Start of Study material

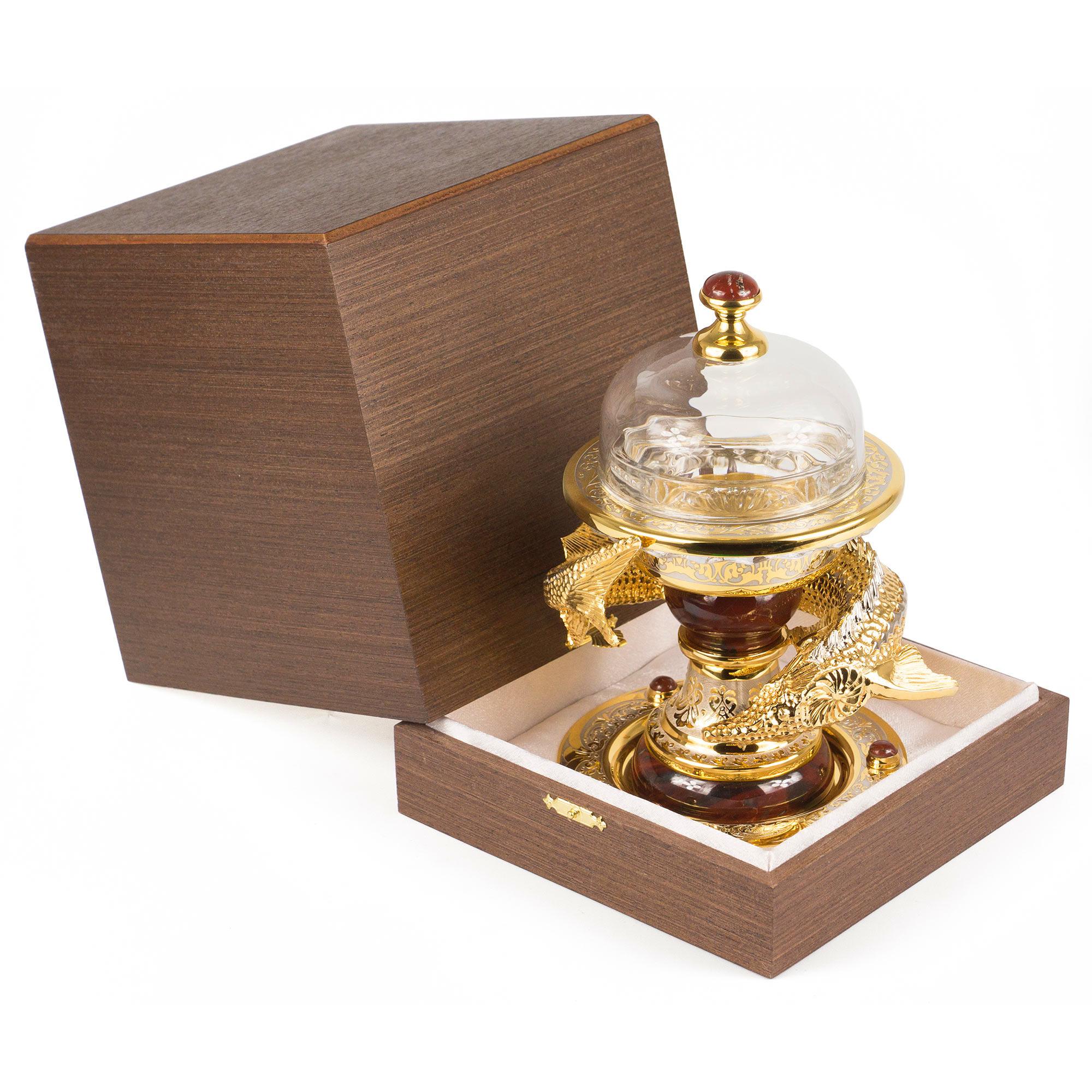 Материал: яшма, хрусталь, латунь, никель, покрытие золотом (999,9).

End of Study material
Start of Study material

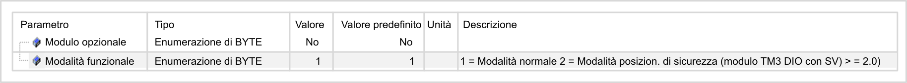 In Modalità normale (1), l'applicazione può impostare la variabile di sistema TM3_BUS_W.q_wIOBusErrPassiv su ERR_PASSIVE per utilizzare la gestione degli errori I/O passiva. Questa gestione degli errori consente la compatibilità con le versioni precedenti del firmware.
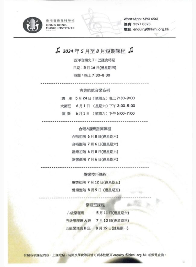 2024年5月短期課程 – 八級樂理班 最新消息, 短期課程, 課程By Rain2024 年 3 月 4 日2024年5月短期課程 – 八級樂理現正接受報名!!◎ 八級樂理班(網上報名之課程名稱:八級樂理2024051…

End of Study material

Using the entries above, write out exactly the lines from the one with "In Modalità normale" through the one with "2024年5月短期課程 – 八級樂理班", ends included. Leave out any pictures.

 In Modalità normale (1), l'applicazione può impostare la variabile di sistema TM3_BUS_W.q_wIOBusErrPassiv su ERR_PASSIVE per utilizzare la gestione degli errori I/O passiva. Questa gestione degli errori consente la compatibilità con le versioni precedenti del firmware.
 2024年5月短期課程 – 八級樂理班 最新消息, 短期課程, 課程By Rain2024 年 3 月 4 日2024年5月短期課程 – 八級樂理現正接受報名!!◎ 八級樂理班(網上報名之課程名稱:八級樂理2024051…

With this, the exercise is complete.